How can God bless what is not offered to or honouring to him? The less that is offered to God, the less that will be blessed in our lives, our church and our nation. It’s so simple it’s untrue. Yet so often we can’t figure it out – you go figure..!

But the flip is true too. If we honour God, obey him, live for him, fear him, then God will not withhold his blessing. In fact, he will pour it out. If you’ve seen the Transformations videos there is an example in I think Guatemala where the people turned back to God and all the infertile lands were given new life, so much so that they are producing massive amounts of fruit and veg, massive in size too! That’s one awesome God, believe, if you ain’t seen, go check out.

Obedience leads to blessing

I used to think the word ‘blessing’ was a Christian word. I still do. But I use it as I don’t know what other word sums up what God is and does for people. A true ‘blessing’ can only be something from God though people understandably use the word freely.

But the way to blessing (having, doing God good in your life and beyond) is through obedience to God. Let’s see what happened in Haggai.
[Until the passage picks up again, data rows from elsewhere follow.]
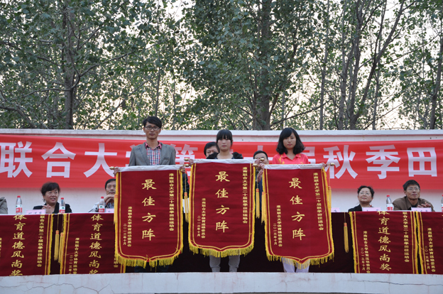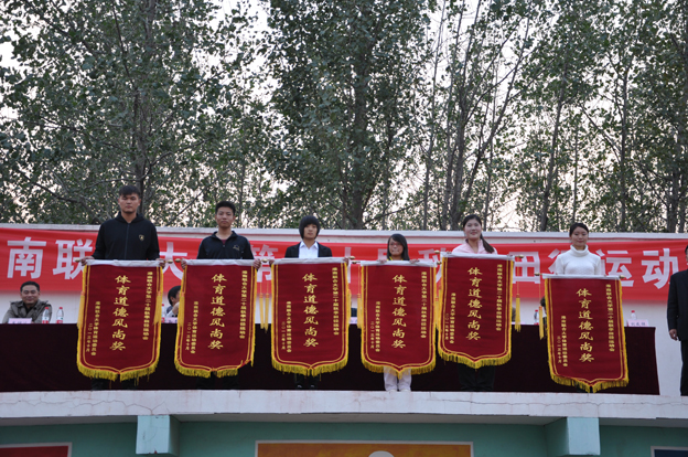 闭幕式上,校运动会总裁判长宣布了开幕式最佳方阵名单、团体比赛获奖单位名单和荣获体育道德风尚奖代表队名单。校领导为本届运动会上获奖集体和个人进行了颁奖。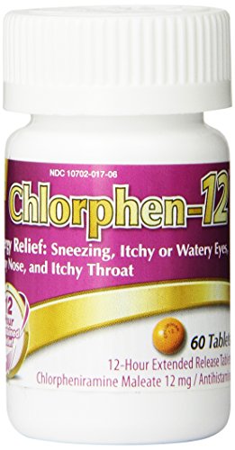 Chlorpheniramine Maleate 12 mg Extended Release Tablets, generic equivalent to Chlor-Trimeton 12 Hour Tablets. Temporarily relieves the following symptoms due to hay fever or other upper respiratory allergies: sneezing, runny nose, itchy, watery eyes, itching of the nose or throat. Anithistamine.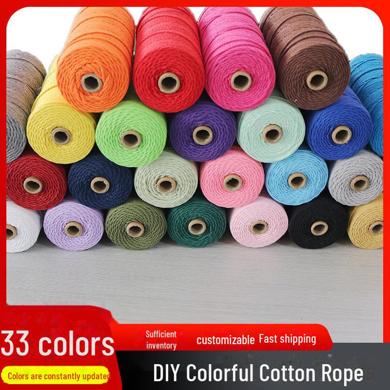 Плетеная веревка из цветного хлопка толщиной 2 мм для поделок, переплета и гобеленовых проектов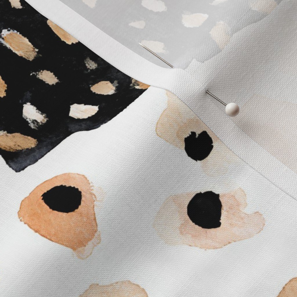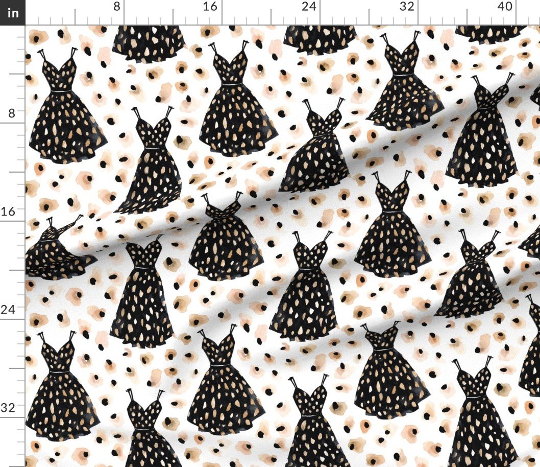 A bold fashion repeat featuring black dresses paired with soft abstract spot accents on a clean white background. Designed at a larger scale for statement apparel, accessories, and modern fashion-forward projects.

In verse 12 we read that the leaders and the people who were left alive (!!) obeyed the Lord their God and the message from Haggai the prophet and they feared the Lord. Then the people heard from the Lord who said, ‘I am with you.’ So the people came and worked on re-building the temple. 

Let’s do the whole break-down thing again..
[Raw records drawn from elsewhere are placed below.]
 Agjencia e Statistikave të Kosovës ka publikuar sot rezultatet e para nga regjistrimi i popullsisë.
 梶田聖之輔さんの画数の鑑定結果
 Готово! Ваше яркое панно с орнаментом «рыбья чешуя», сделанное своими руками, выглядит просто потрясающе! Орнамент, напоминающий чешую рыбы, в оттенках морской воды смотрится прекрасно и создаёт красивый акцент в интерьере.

1. The leaders were key in this. Leaders have a very great responsibility before God and under God. It is through Godly leaders that the church will right itself, that lives will be helped to be impacted through God’s Spirit. Where the leaders turn to and fear God, there will be blessing and this will pass on to the people and the nation and the land.

2. The people obeyed God, recognised Haggai as the Lord’s prophet and in turn they began to fear the Lord. (For more on the fear of the Lord visit our Talks > Fear of God. But obedience to God is our response to God’s knock on our hearts door. Obedience leads people to see God in his glory, see the world as it is, hear God’s message and place God in his rightful place as king over our lives. 
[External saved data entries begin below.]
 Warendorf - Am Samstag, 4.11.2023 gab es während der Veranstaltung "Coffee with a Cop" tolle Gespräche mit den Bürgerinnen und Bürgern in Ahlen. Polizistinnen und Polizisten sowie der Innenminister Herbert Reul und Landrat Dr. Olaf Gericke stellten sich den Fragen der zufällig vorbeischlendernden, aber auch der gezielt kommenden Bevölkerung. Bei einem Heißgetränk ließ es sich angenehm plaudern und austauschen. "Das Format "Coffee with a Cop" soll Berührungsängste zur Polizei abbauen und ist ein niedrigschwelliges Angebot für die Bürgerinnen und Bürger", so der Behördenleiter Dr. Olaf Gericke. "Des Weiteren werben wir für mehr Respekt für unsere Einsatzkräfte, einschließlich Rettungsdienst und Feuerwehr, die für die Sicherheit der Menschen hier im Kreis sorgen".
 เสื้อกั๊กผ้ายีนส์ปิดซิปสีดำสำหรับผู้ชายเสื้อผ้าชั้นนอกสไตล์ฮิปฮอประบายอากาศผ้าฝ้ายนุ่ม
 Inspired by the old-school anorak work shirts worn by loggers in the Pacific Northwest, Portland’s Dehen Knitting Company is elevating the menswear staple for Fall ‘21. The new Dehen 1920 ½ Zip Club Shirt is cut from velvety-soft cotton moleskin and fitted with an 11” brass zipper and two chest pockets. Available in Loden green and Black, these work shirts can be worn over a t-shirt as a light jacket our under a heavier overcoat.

3. As a result of the people’s obedience and response to God’s message, God spoke to encourage them and let them know that he was with them. The Bible says that if we draw near to God he will draw near to us. Hebrews 10:22 also says, ‘let us draw near to God with a sincere heart in full assurance of faith, having our hearts sprinkled to cleanse us from a guilty conscience and having our bodies washed with pure water.’ God longs to encourage you, to use you, to be with you. All you need do is ask and obey, put him first and he will put you first. 

4. God gives purpose to life. The people came and worked on the temple. There’s nothing quite like being part of a team working for God. I’ve done it in many ways (mission in Lithuania, youth work team, schools work team etc.) and it’s awesome to be able to be on team working for God. Thing is, team is found everywhere. As we say in hip hop, ‘we all fam’. Which means we’re all family, all God’s people.

You can bet that on the temple there were carpenters, people carving statues, artists, musicians, sculptors and more. Loads of different people offering all their different gifts to work on different parts of God’s temple. It’s a beautiful and God -ordained picture of the Jesus and the church. Jesus is the cornerstone, we are his craftsmen, working in different ministries, to build the kingdom of God. Let’s never forget this is how God works, he uses all of us in different ways to reach different people at different times. Let’s be open and ready to build our part of the ‘temple’ and let’s do it to the highest standards we can. You see, if we don’t build a building to high standards, it may collapse. The same danger is true of the church. We’re all one family!